COLUMBIA, S.C. — Two South Carolina law officers were charged Friday in the deaths of two women who drowned while locked in the back of a sheriff’s department van during Hurricane Florence.
Stephen Flood is charged with two counts each of reckless homicide and involuntary manslaughter, according to online court records. Joshua Bishop faces two counts of involuntary manslaughter.
A judge set bond at $30,000 for Flood and $10,000 for Bishop and both were released after posting bail.
Flood, 66, and Bishop, 29, were fired from the Horry County Sheriff’s Office in October as part of an internal investigation. Authorities said the deputies were driving 45-year-old Wendy Newton and 43-year-old Nicolette Green through Marion County to a mental-health facility under a court order when their van was swept away by rising floodwaters as Hurricane Florence inundated the state.
According to records from the state Criminal Justice Academy, Flood made a “conscious decision” to drive around a barricade near the Little Pee Dee River, and Bishop didn’t try to stop him.

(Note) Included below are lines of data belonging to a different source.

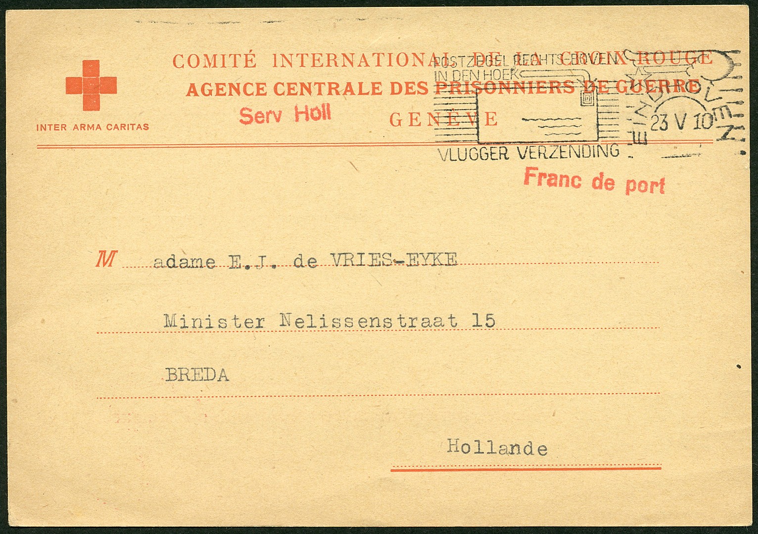 Rode Kruis. Bk. van het Int. RK Genève 1-5-1945, afgest. Eindhoven 23-5, naar Breda met bericht dat echtgenoot J. de Vries krijgsgevangene is in Duitsland. Tevens twee verschillende bevestigingen van ontvangst pakket levensmiddelen (´Kriegsgefangenenpost´ uit 1943, 1944)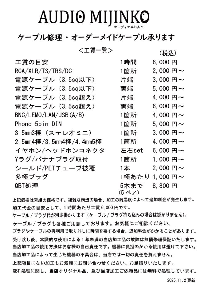 また、レコードプレーヤーの直出しフォノケーブル、電源ケーブルの修理、交換も行っておりません。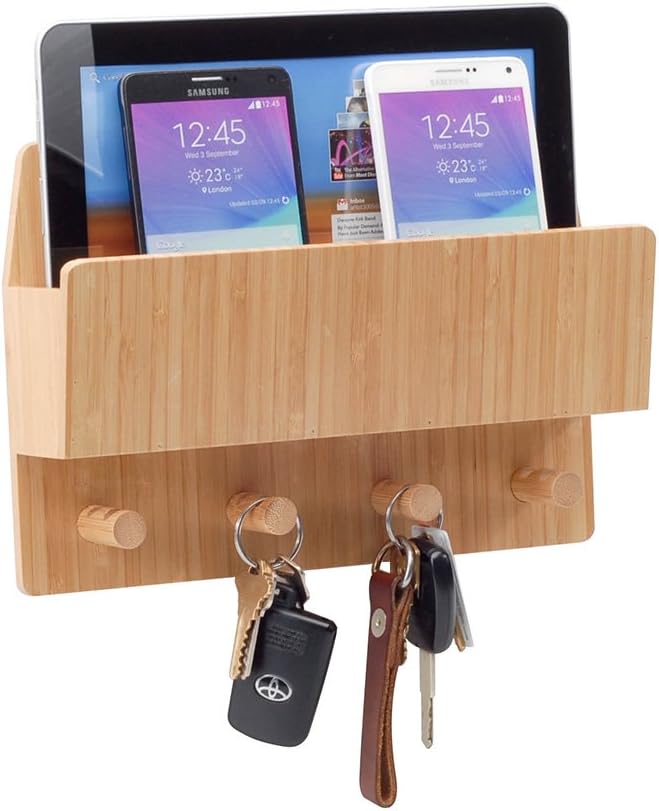منظم مستلزمات الحيوانات الأليفة من الخيزران الكل في واحد، حامل/رف مقود الكلب المثبت على الحائط، مساحة إضافية لتخزين مستلزمات الحيوانات الأليفة الأساسية/المفاتيح/الألعاب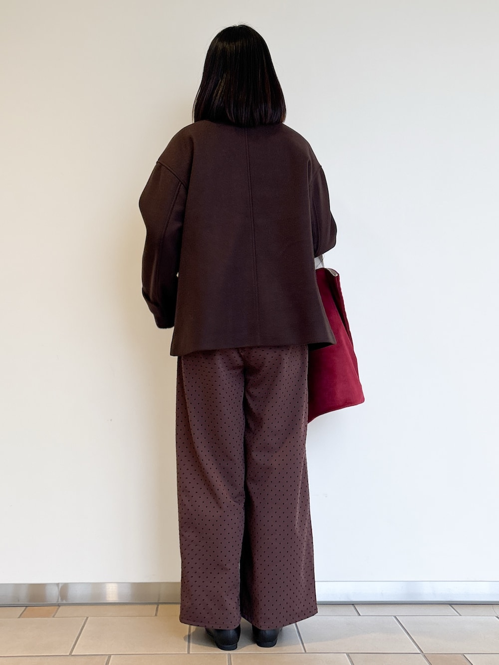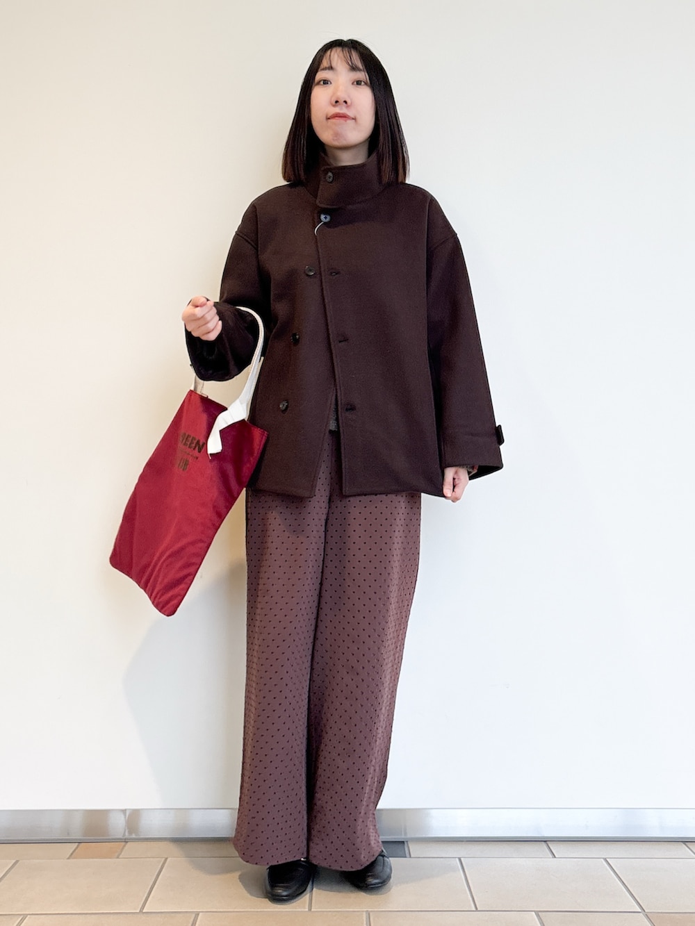 アウターはアップヘアでも安心なスタンドカラージャケットです!オーバーサイズで厚手のニットも楽々着れます。ポリエステル100%で軽いので移動が多い日に着たいなと思いました^^
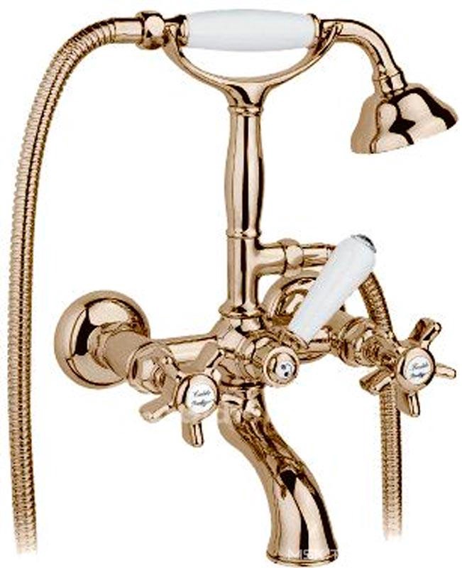 Смеситель для ванный Nicolazzi Tradizionale Смеситель для ванны с душевым гарнитуром и кронштейном д/д, (цв.бронза, ручки Half Dome), Nicolazzi ZZ

The powerful tropical system smashed into the Southeast coast as a hurricane Sept. 14, triggering severe flooding as it weakened yet nearly stalled over the Carolinas for days.
Green and Newton drowned in the back of the locked van on Sept. 18.
The families of both women tearfully addressed the judge Friday. Rose Hershberger, Green’s oldest daughter and a high school senior, mourned her mother missing milestones like her graduation.
“Every night is just a constant lack of sleep,” Hershberger said. “All I see is my mother, and I hear her screams and her cries.”